--- Task to complete ---
Which lines run from the start of the material below through the line containing "Volvemos a las"? Retype them exactly, pictures excluded.

--- The data ---
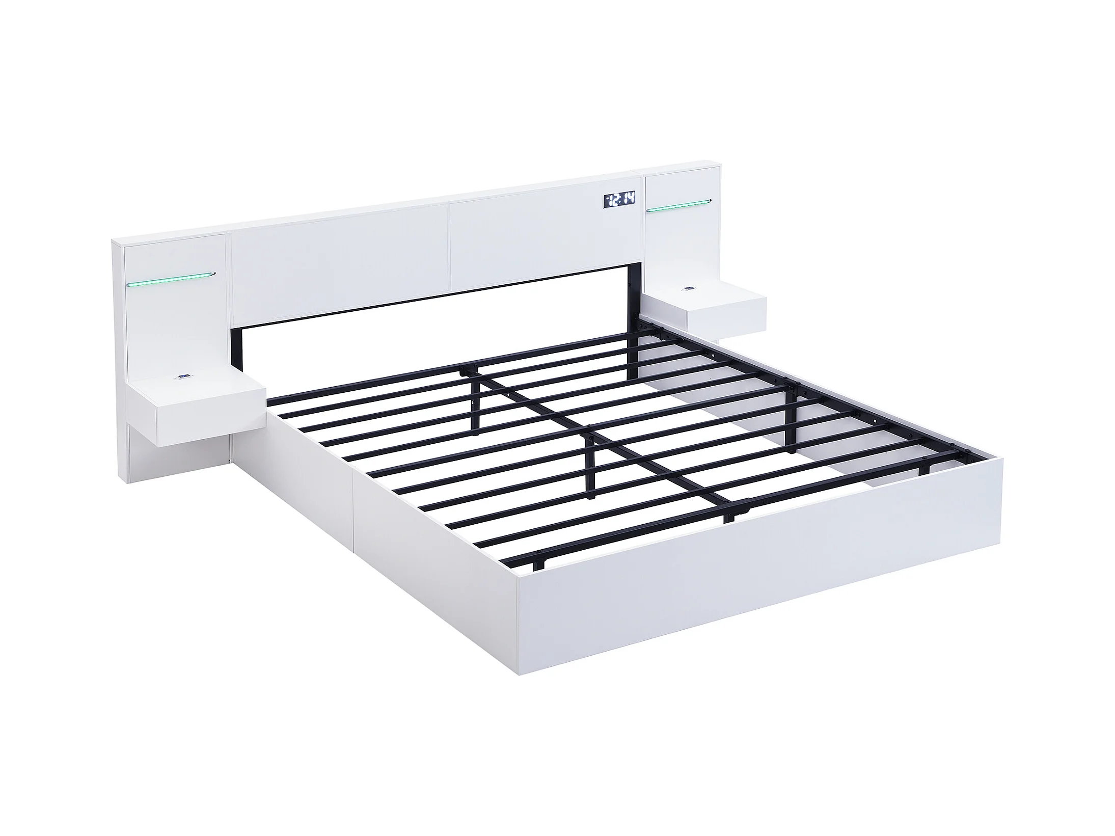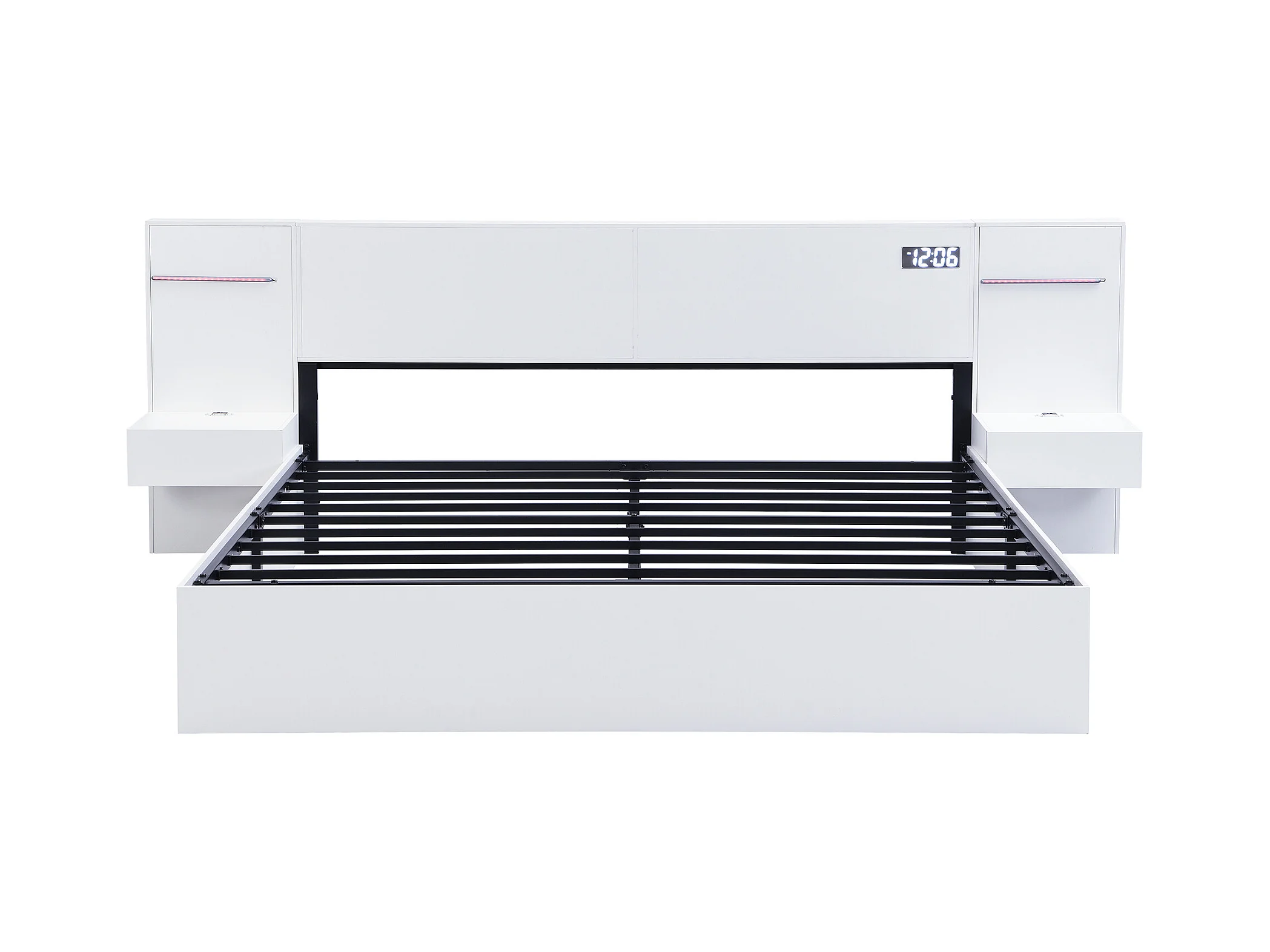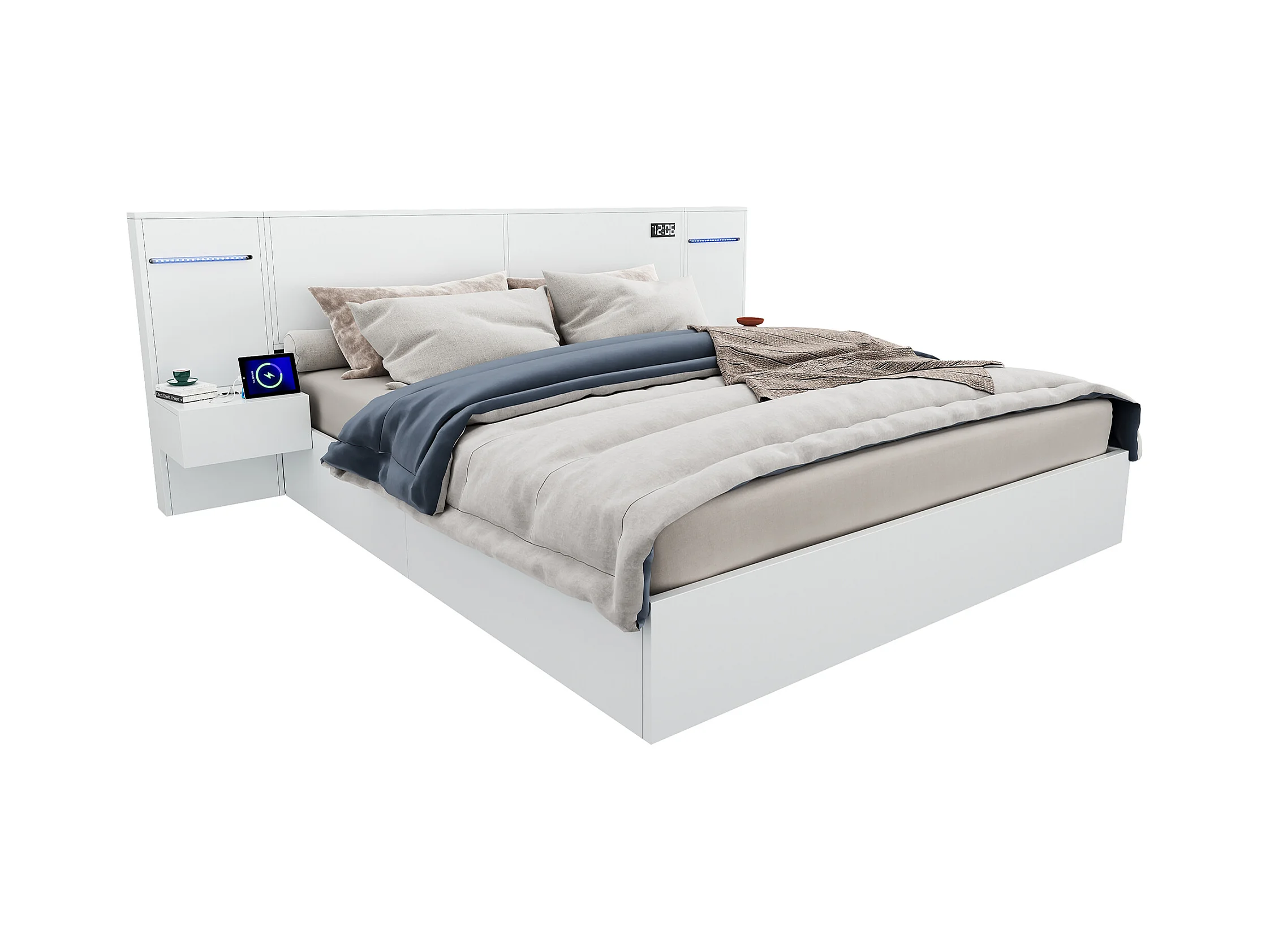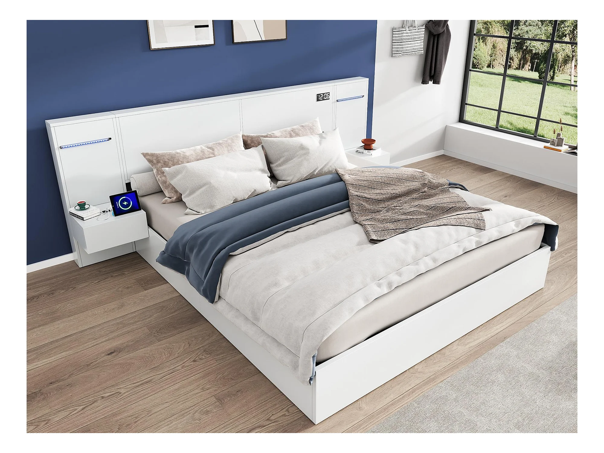 Lit adulte en bois 160x200 cm - avec 2 tables de chevet - avec port de chargement USB, haut-parleur Bluetooth et horloge numérique - Blanc
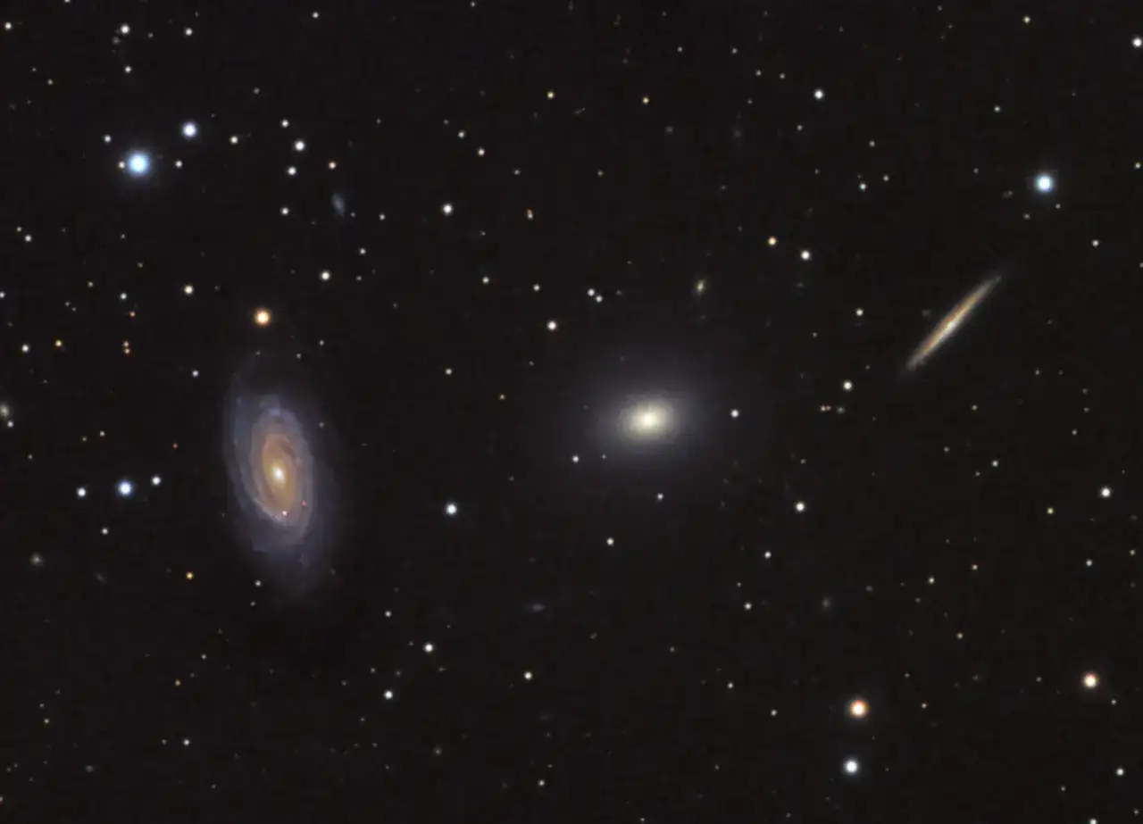 Volvemos a las galaxias y lo hacemos con el notable trio de Draco, un bello conjunto confomado por dos espirales y una eliptica. Esta imagen fue capturada con un telescopio Astrophysics 130EDT desde Cerceda
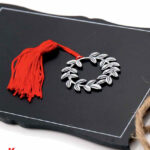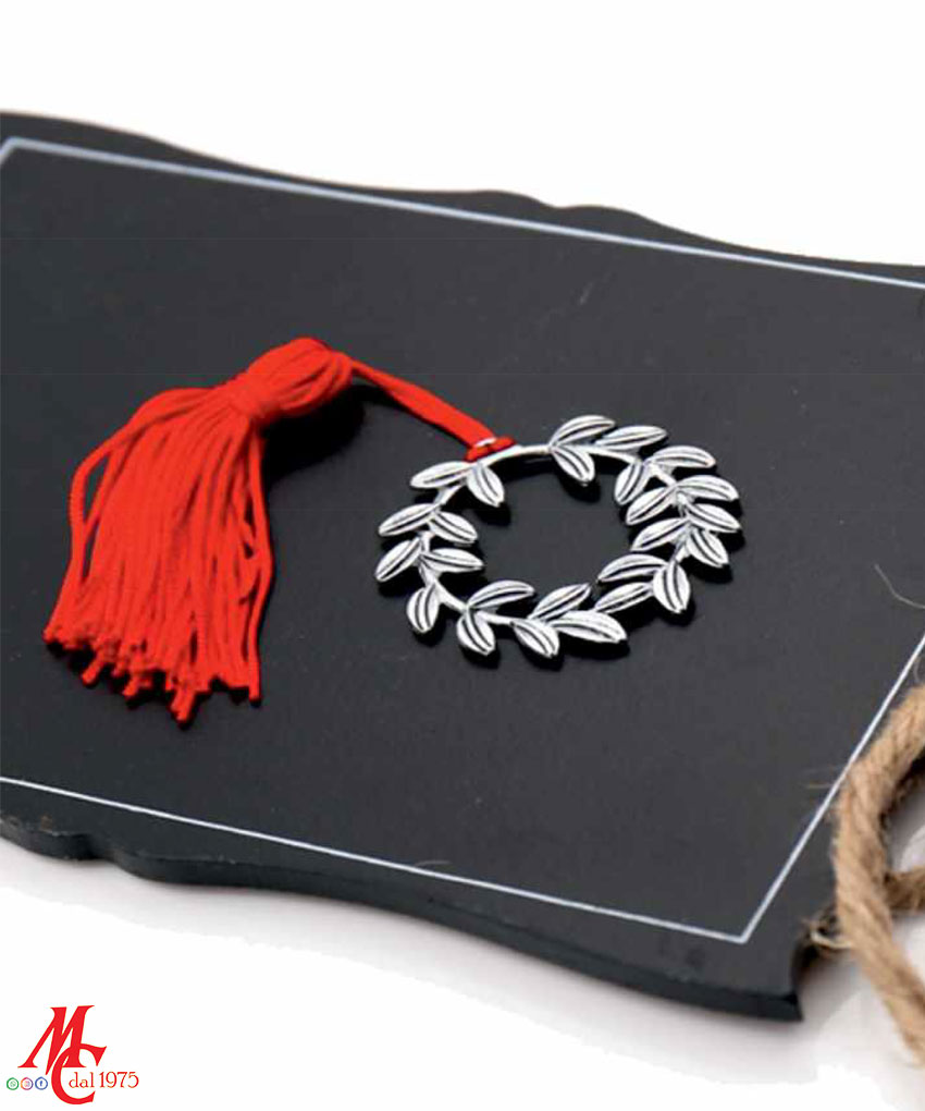 Il ciondolo rappresenta una corona di alloro, un antico simbolo di vittoria e successo. Le foglie sono meticolosamente sagomate per un effetto realistico ed elegante. Questo ciondolo non solo celebra il successo accademico, ma può essere indossato come un raffinato pendente.

--- Task answer ---
 Lit adulte en bois 160x200 cm - avec 2 tables de chevet - avec port de chargement USB, haut-parleur Bluetooth et horloge numérique - Blanc
 Volvemos a las galaxias y lo hacemos con el notable trio de Draco, un bello conjunto confomado por dos espirales y una eliptica. Esta imagen fue capturada con un telescopio Astrophysics 130EDT desde Cerceda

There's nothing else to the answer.